Newbery Club encourages budding bookworms at Sunrise Elementary
Susie Isaacs came prepared with memorable quotes from some very noteworthy bookworms.
Isaacs, the librarian at Sunrise Elementary School, addressed a group of about 30 young readers on a recent Friday morning. The assembled fourth- and fifth-graders were all members of the school’s Newbery Club, a group dedicated to reading, discussing and recognizing eligible entries for this year’s Newbery Award, America’s premiere prize for children’s literature.
Before the students took turns talking about their favorite recent reads, Isaacs offered pithy quotes that hinted at the core mission of the club, which started last year with some financial help from a Cherry Creek Schools Foundation grant. Isaacs offered insights from Oscar Wilde about the value of a memorable book before moving on to a quote from author and educator Mortimer J. Adler.
“‘In the case of good books, the point is not to see how many of them you can get through,’” Isaacs quoted, “‘But rather how many can get through to you.’”
Judging from the students’ enthusiastic and impassioned presentations, plenty of potential Newbery Award nominees had already met that criteria. The Sunrise readers who reported to school an hour early raved about their favorite selections and argued about which book was worthy of this year’s Newbery Award. Fifth-grader Natalia Evans’ words came rapidly as she praised “A Snicker of Magic,” a fantasy novel by Tennessee author Natalie Lloyd.
“Its wording is one of the best things about it,” Evans told the rest of the group. “I was reading so fast – I wanted to know what was going to happen.”
For Isaac, such testimonials prove the school’s Newbery Club is fulfilling its mission. She first came up with the idea for the organization last year after meeting a member one of the 15 members of the Newbery Committee. She was intrigued by the process behind the Association for Library Service to Children’s award, which kicked off in 1922 and recognizes “the most distinguished contribution to American literature for children.” Isaac saw the need for more direct feedback from young readers.

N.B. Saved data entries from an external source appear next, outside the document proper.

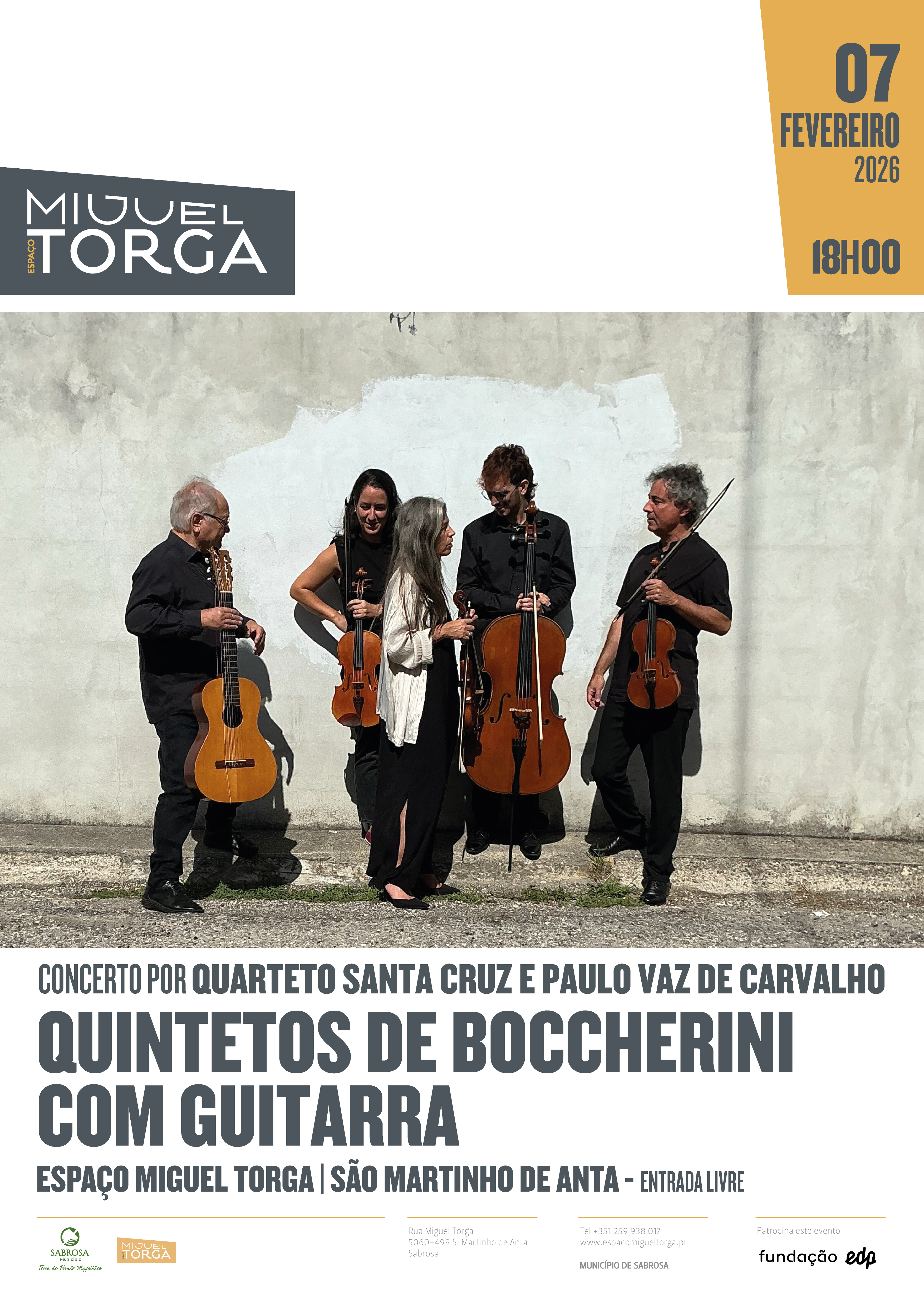 07 fevereiro | 18H00 | Concerto "Quintetos de Boccherini com Guitarra" | Quarteto de Santa Cruz e Paulo Vaz de Carvalho | Espaço Miguel Torga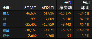 下图:截至6月28日当周,对冲基金大宗商品净多头头寸变动(来源:CFTC)
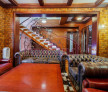 Din zona salonului stil British se acceseaza curtea interioara si garajul si exista si o alta scara care duce catre etaj.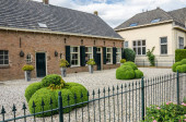 Lage Mierde, Holandia-czerwiec, 13 2019: domy ceglane budynki i pomnik Lage Mierde Holland. Południowej Holandii. Brabancja Północna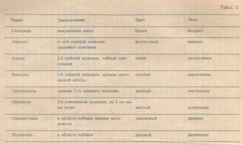 Человек — дитя Космоса. Все наши органы соотносятся с силами, циркулирующими в Космосе. Согласно тантрическому учению тонкие миры создают наше индивидуальное тело, которое, как и Вселенная, состоящая из семи основных миров, имеет семь основных тел. Эти тела состоят из материи и энергии соответствующих миров, взаимодействуют с ними, получают оттуда информацию. Все тонкие тела находятся в тесной взаимосвязи между собой, сообщаясь со своим миром через определенные энергетические центры — чакры, находящиеся на позвоночнике с внутренней стороны. (На рис. 1 приведены основные чакры, их расположение и связи).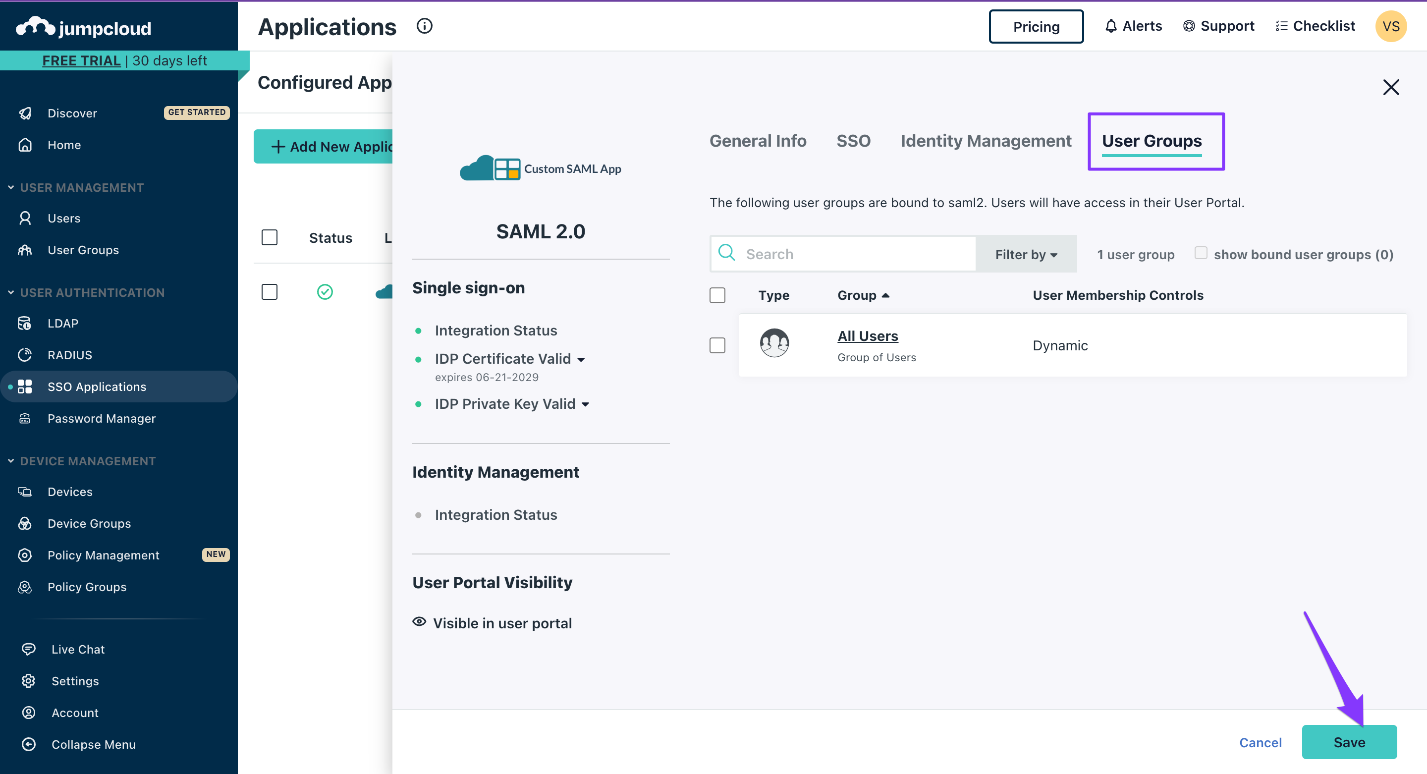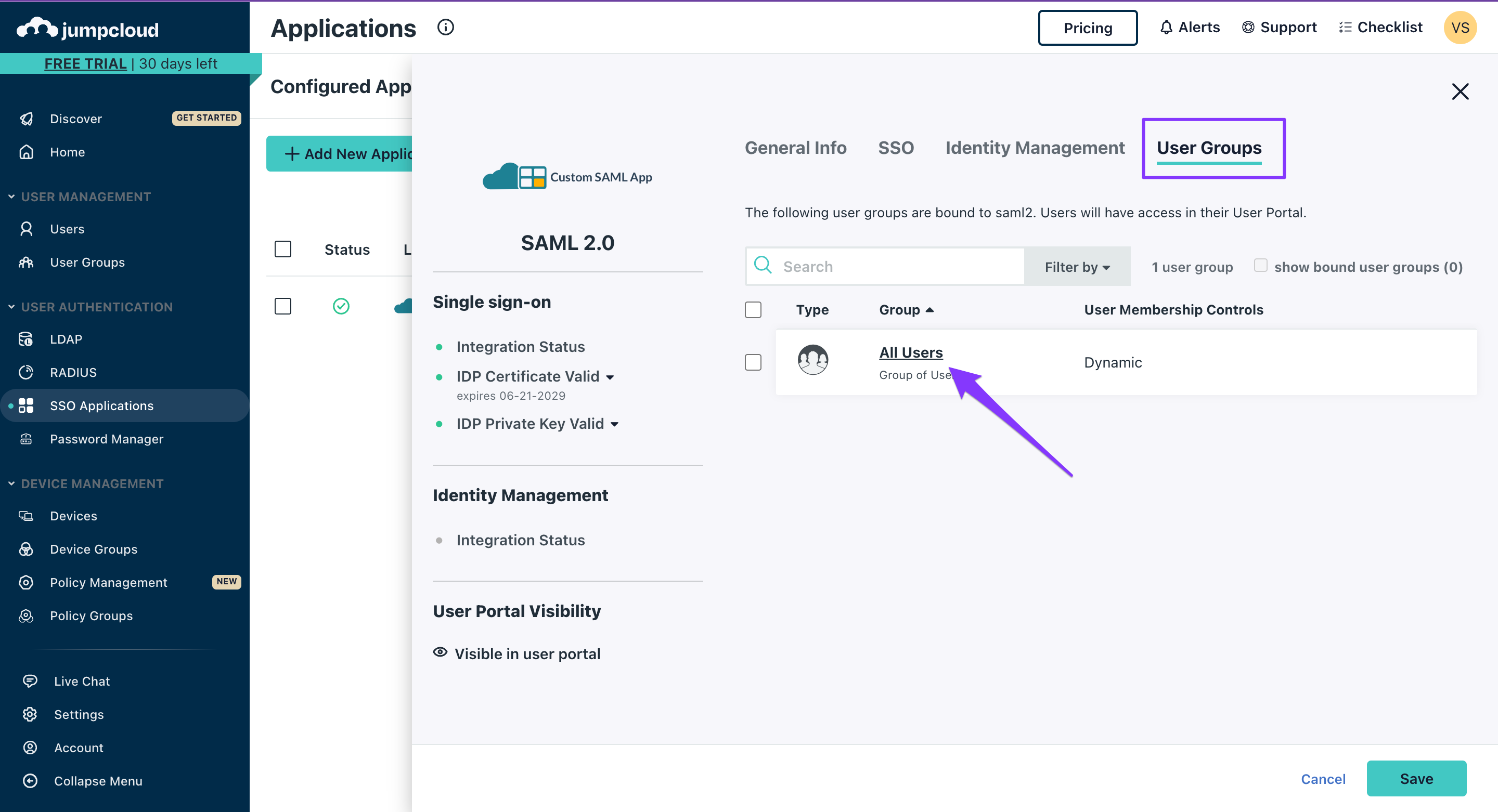 User group assignment in Jumpcloud controls who can access Fireflies via SSO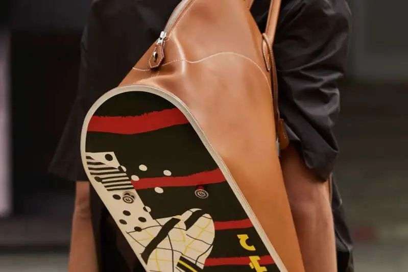 滑板有了,滑板包也没缺席。爱马仕的 Bolide 系列提包底部看上去是一整块滑板,让你背着包都能感受到户外运动的美好。

“We worked out a partnership. The students here started reading books,” Isaac said. “The first big challenge was getting our hands on the books, because they’re all brand new, hardcover books and they have to have been released in the same year. They were in high demand at libraries and they were expensive.”
That’s where an Educator Initiative Grant from the Cherry Creek Schools Foundation came in handy. Funding of about $1,000 gave Isaac and the rest of the Sunrise library crew the resources to connect students with the latest and greatest in children’s literature.
The school’s young readers showed plenty of appreciation for the new books. They eagerly attended the early morning meetings of the club; they fiercely debated their favorite selections. On the day the Newbery Committee announced last year’s winner, the school library held the taut air of anticipation.
“The kids got really passionate about the books. The winners were announced the week before the Broncos were in the Super Bowl, and there was a lot more talk in the school about books than football,” Isaac said. “The kids are just as excited this year. It doesn’t seem to have died down at all.”
That much was clear as the club members came together to discuss their favorite candidates. Fifth-grader Kiergon Wilkins worked through stacks of hardcover books and pointed out his favorites. He lamented the fact that “The Boundless” by Kenneth Oppel wasn’t eligible for the award (the author lives in Canada), pointing out that the fat volume is “the longest book I’ve ever read.” The day before fall break, Wilkins had several books he planned on tackling during his vacation. Along with his fellow club members, he looked forward to earning more “charms,” small plastic pieces readers wore on necklaces to signify every book finished; enough charms would earn a club member the coveted “book worm” medal.
Those tokens will come in handy by January, when the students decide their final pick for the most worthy book and send their selection off to the Newbery Committee. Whether they end up choosing the same winner as the committee or not, the students will have served a noble and valuable purpose.
“It’s opened dialogue and it’s kind of like a social club. These kids who are voracious readers have found their people. It’s really energizing,” Isaac said. “I learned last year that it’s not about who I think should win the Newbery Award. It’s about who the kids really fight for.”